Given the motivation for this paper, the problem to solve is the following: How can we reliably predict tomorrow's energy consumption, using a data-driven approach? A successful forecast creates value for all parts, including the end-users, and reduces the uncertainties around power production and buying power. As stated by the US Environmental Protection Agency, all electricity has an environmental impact on nature, and efficient electricity helps reduce the impact. Thus, avoiding overproduction and loss of power through efficient energy management is crucial for sustainable energy consumption. The perfect forecast is (nearly) impossible to create, and, thus, there will always be room for improvement. Our team aims to improve the energy consumption forecast, comparing it with a basic baseline.

From a machine-learning perspetive, this is a time-series prediction problem. We used linear regression as our model.

Method and Analysis

Describing the dataset

The dataset consists of four main features: time, location, consumption, and temperature. The time feature indicates the moment data was recorded. Location is a nominal categorical feature representing the largest city in the price area, with six possible values. The consumption feature measures the average hourly energy consumption in megawatts (MW) for each location. Lastly, the temperature feature records the hourly weather forecast in Celsius for each location. The dataset, sourced from an anonymous power supplier, reflects the energy consumption of the supplier's customers in different geographic regions.

Preprocessing the data

Preprocessing involved handling missing values, particularly for the Helsingfors location, by applying a forward-fill method based on weekly consumption patterns. The process ensured the dataset was clean and suitable for modeling.

Feature engineering

Initial feature engineering included extracting time-based features (date, holiday status, weekday, hour of day) and temperature differences. These were used to capture daily and seasonal patterns in energy consumption. One-hot encoding was applied to the location feature to convert it into a numerical format. Iterative improvements involved analyzing the impact of holidays on consumption, introducing new features like holiday_season_winter, and adjusting parameters like the alpha value in exponential smoothing to better balance historical and recent data.

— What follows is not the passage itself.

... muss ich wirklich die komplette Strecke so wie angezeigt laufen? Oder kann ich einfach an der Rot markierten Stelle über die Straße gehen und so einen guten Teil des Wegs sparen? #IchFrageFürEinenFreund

We found that consumption spikes during winter holidays, seemingly due to the cold weather and the holidays. This is illustrated in the image below.

We also found that consumption is generally lower on weekdays, with peaks in the morning and evening hours, and higher during weekends. This is illustrated in the image below.

Visualization of findings after feature engineeringVisualization of findings after feature engineering

Evaluating the model

Defining performance metrics

The primary metrics include Mean Absolute Error (MAE), Root Mean Squared Error (RMSE), and Mean Absolute Percentage Error (MAPE). These metrics were chosen for their ability to effectively measure forecast accuracy and error magnitude. MAE offers a straightforward error average, RMSE gives more weight to larger errors, and MAPE provides a relative error perspective, making these metrics comprehensive for assessing the model's performance.

Conclusion

The rest of the report is really the business-side of the case, not the technical implementation. I will not include it here, as it is not relevant for this portfolio.